Wenn das Funktioniert, reicht aber auch return Optional.ofNullable( date) - darin wird der null-Test auch gemacht.



bugbunny hat gesagt.:


> Bei den anderen Methoden werden aber int übergeben, aber die kann ich ja nicht auf null prüfen?


Wann gilt denn der int als gesetzt? Einen Wert hat er ja immer...
uU macht da die interne Verwendung von Integer Sinn


----------



## bugbunny (3. Mrz 2018)

Wenn das Funktioniert hat gesagt.:
			
		

> bin ich auch von ausgegangen, wurde aber nicht akzeptiert.
> 
> 
> 
> ...


----------



## mrBrown (3. Mrz 2018)

bugbunny hat gesagt.:


> bin ich auch von ausgegangen, wurde aber nicht akzeptiert.

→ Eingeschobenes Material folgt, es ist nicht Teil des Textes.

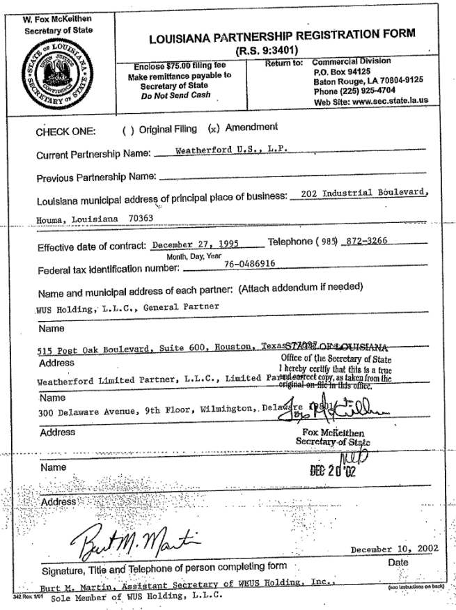 W. Fox McKeithen Secretary of State LOUISIANA PARTNERSHIP REGISTRATION FORM (R.S. 9:3401) Enclose $75.00 filing fee Return to: Commercial Division Make remittance payable to P.O. Box 94125 Secretary of State Baton Rouge, LA 70804-9125 Do Not Send Cash Phone (225) 925-4704 Web Site: www.sec.state.la.us CHECK ONE: ( ) Original Filing ( ) Amendment Current Partnership Name: Weatherford U.S., L.P. Previous Partnership Name: Louisiana municipal address of principal place of business: 202 Industrial Boulevard, Houma, Louisiana 70363 Effective date of contract: December 27, 1995 Telephone (985) 872-3266 Month, Day, Year Name and municipal address of each partner: (Attach addendum if needed) WUS Holding, L.L.C., General Partner Name 515 Post Oak Boulevard, Suite ^00, Houston, Texas 77027 Address Weatherford Limited Partner, L.L.C., Limited Partner Name 300 Delaware Avenue, 9th Floor, Wilmington, Delaware 19801 Address Name Address December 10, 2002 Signature, Title and Telephone of person completing form Date Burt M. Martin, Assistant Secretary of WEUS Holding, Inc., Sole Member of WUS Holding, L.L.C.
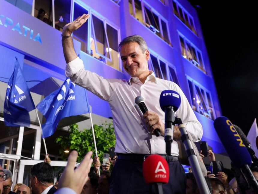 زعيم يمين الوسط اليوناني، كيرياكوس ميتسوتاكيس، يحصل على تفويض لتشكيل حكومة جديدة بعد فوزه بولاية ثانية بسهولة. فاز ميتسوتاكيس وحزبه “الديمقراطية الجديدة” بنسبة 40.55٪ من الأصوات، مما منحه الأغلبية المطلقة في البرلمان الذي يتألف من 300 مقعد. يعتبر حزبه واحدًا من أقوى الأحزاب الشعبية في الاتحاد الأوروبي.
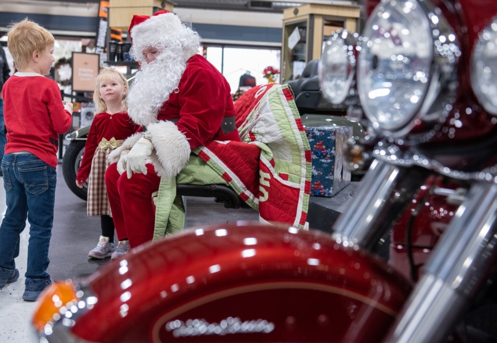 After having photos taken with Santa, families enjoy a pancake breakfast Saturday morning at L-A Harley-Davidson in Lewiston. The motorcycle shop was also collecting nonperishable items for the Good Shepherd Food Bank. Russ Dillingham/Sun Journal

Von wem nicht akzeptiert? Es ist ja im Ergebniss das gleiche...




bugbunny hat gesagt.:


> das optional ist vom Typ Integer, die dazugehörigen Setter bekommen ein int.
> 
> public Optional<Integer> getId()
> 
> ...


Relevant ist der Typ, den die InstanzVariable hat. 
Wenn das int ist, ist es immer gesetzt (außer man definiert einen Wert als „nicht gesetzt“) und man muss „drum herum bauen“, ist es Integer, ist auch null und damit „nicht gesetzt“ möglich.


----------



## bugbunny (3. Mrz 2018)

mrBrown hat gesagt.:


> Von wem nicht akzeptiert? Es ist ja im Ergebniss das gleiche...
> 
> 
> 
> ...



Wir haben eine Testumgebung in die wir unseren Code hochladen können, da wurde ohne 
if (date==null)
{    return Optional.empty();

eine Fehlermeldung ausgegeben. 

Id ist ein int und auch dort kommt als Testergebnis mit return Optional.ofNullable(id):
"Wenn zuvor kein Wert gesetzt wurde, sollte die Methode getId() ein leeres Optional zurückgeben.] expected:<Optional[.empty]> but was:<Optional[[0]]>"


----------



## mrBrown (4. Mrz 2018)

bugbunny hat gesagt.:


> Wir haben eine Testumgebung in die wir unseren Code hochladen können, da wurde ohne
> if (date==null)
> { return Optional.empty();
> 
> eine Fehlermeldung ausgegeben.


Das ist merkwürdig...Vorallem auch die Ausgabe dazu, die du oben gepostet hattest...


bugbunny hat gesagt.:


> Id ist ein int und auch dort kommt als Testergebnis mit return Optional.ofNullable(id):
> "Wenn zuvor kein Wert gesetzt wurde, sollte die Methode getId() ein leeres Optional zurückgeben.] expected:<Optional[.empty]> but was:<Optional[[0]]>"


der int hat als Default-Wert 0 und ist niemals null - ofNullable kann also niemals empty zurückgeben.

Du musst also entweder auf 0 prüfen, dann darf aber 0 kein valider Wert sein, oder dir eine andere Möglichkeit zum erkennen des Gesetzen Wertes überlegen


----------